Das Problem tritt bei L-Rahmen auf. Du kannst damit nur die 120 mm fahren. Die kannst du aber auch nicht nutzen, da bei ca. 105 mm Federweg schon der Reifen ans Sitzrohr kommt.


----------



## MTB-News.de




----------



## DerRoggemann (15. Juli 2005)

...na dann is ja mal gut, dass ichs net gekauft hab...
Nein aber mal im ernst, @ Brägel, is jetzt nen ziemliches Problem oder ?
Das Teil wirste jetzt wahrscheinlich nur noch sehr schwer los.

Gruß Fabian


----------



## der alte ron (18. Juli 2005)

Nun , nach dem Neustart hat sich Bergwerk anscheinend etwas anders plaziert als beabsichtigt : http://www.mtb-news.de/forum/showthread.php?p=2028596#post2028596 .



  !


----------



## chri5 (18. Juli 2005)

Ich meinte lediglich die Optik und die Art der Lackierung.

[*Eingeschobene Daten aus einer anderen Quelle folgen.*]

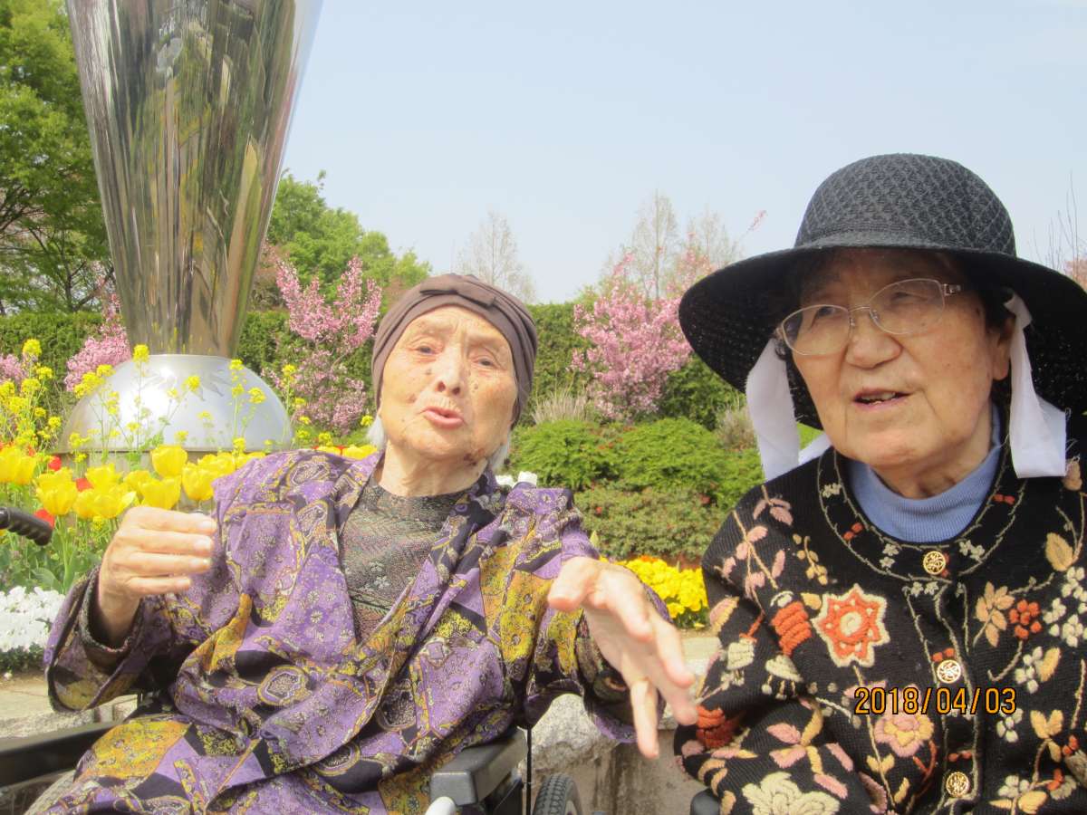こんにちは。介護付湯量老人ホームみんなの家・三橋6丁目では『お花見 第2弾!』として3Fご利用者様と『大宮花の丘』に4月3日に行ってきました!さくらは3分咲きでしたが(^_^;)ほかのお花がきれいに咲いてました✾青空の下みんなでお弁当をおいしくいただきました♡

Hab letzthin ein Bike fuer $59 im Wal-Mart gesehen, die Lackierungsfarbe und Metalliceffekt sah aus wie von nem alten Klein.

So, what!?


----------



## daif (18. Juli 2005)

...naja, kommentar siehe CC Kunstwerke thread..

@chri5
find deine anmerkung net schlimm, hat mich halt bloß net an BW erinnert...


----------



## onkel_willi (18. Juli 2005)

manno, haben wohl so langsam alle nen sonnenstich... oder geht es schon eher richtung demenz??

grüsse aus italien

onkel


----------



## docmojave (21. Juli 2005)

Hhm, also meine Anfrage wurde innerhalb weniger Stunden beantwortet.
Vielleicht hätten die Jungs anmerken sollen: "Vernünftige Fragen werden innerhalb von 24 Stunden beantwortet". Wer weiß, was manche Leut für
einen Scheiss fragen. Ich würde auch nicht auf jeden Mist antworten.
DocMo


----------



## MTB-News.de




----------



## pedale3 (22. Juli 2005)

..mehrfach schnelle Reaktion (<< 1Tag), habe dabei allerdings versäumt auf die Stopuhr zu sehen.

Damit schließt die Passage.